| Thank you for doing that. This explains much. For a while now I have been running a cronjob to commit my profile's sessionstore-backups directory to a git repo every 5 minutes. This is because, occasionally, when Firefox starts, it will load tabs in some kind of limbo state where the page is blank and the title is displayed in the tab--but if I refresh the page, it immediately goes to about:blank, and the original tab is completely lost. When this happens, I can dig the tabs out of the recovery.js or previous.js files with a Python script that dumps the tabs out of the JSON, but if Firefox overwrites those files first, I can't. So the git repo lets me recover them no matter what. What I have noticed is that the git repo grows huge very quickly.
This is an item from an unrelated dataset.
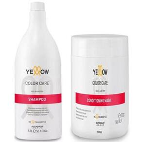 Este kit contém:01 shampoo yellow color care 1,5 litros01 máscara yellow color care 1kgA linhaYellow color careO aliado perfeito para os cabelos pintados, no salão e em casa. Exalta e preserva no tempo a intensidade e o brilho de cada cor.Os resultados Depois de 1 mês, cor como recém aplicada85% da intensidadeLuminosidade ampliada+41% depois de um só tratamentoShampoo yellow color care - shampoo para cabelos coloridos 1500mlShampoo protetor da corLimpa delicadamente preservando dia após dia a intensidade e a luminosidade dos reflexos.Modo de usoAplicar na pele e nos cabelos molhados, massagear e enxaguar.Máscara yellow color care - para cabelos coloridos 1000mlMáscara protetora de corRegenera e nutre em profundidade os cabelos coloridos. Ajuda a prolongar a intensidade dos reflexos e a manter os cabelos luminosos e macios ao tato.Modo de usoAplicar nos cabelos molhados, esperar 5 minutos.Enxaguar abundantemente.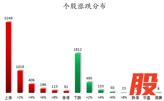 个股涨跌情况,截至收盘,沪深两市合计3249只个股上涨,1812只个股下跌,平盘个股98只,停牌的个股8只。不含当日上市新股,共有92只个股涨停,15只个股跌停。

Right now my recovery.js file is 2.6 MB (which seems ridiculous for storing a list of URLs and title strings), but the git repo is 4.3 GB. If I run "git gc --aggressive" and wait a long time, it compresses down very well, to a few hundred MB. But it's simply absurd how much data is being stored, and storing useless stuff like images in data URIs explains a lot. |
Like you, I also observed that exactly the people who depend on the tabs to "remain" after the restart are those who are hit by the bugs in the "restoration" and as I've said, I believe the users would more prefer to have "stable" tabs and URLs than the "fully restored sessions in the tabs" when all the tabs fully randomly (for them) disappear. Maybe saving just the tabs and URLs separately from "everything session" would be a good step to the robustness (since it would be much less data and much less chance to get corrupted) and then maybe, pretty please, an option "don't save session data" can be in the about:config too)?
Once there's decision to store just the URLs of the tabs as the separate file, the file can even be organized in a way that just the URL that is changed gets rewritten, therefore making the "complete corruption" of the file impossible and also removing the necessity for Firefox to keep N older versions of the big files (which then eventually still don't help the user like you).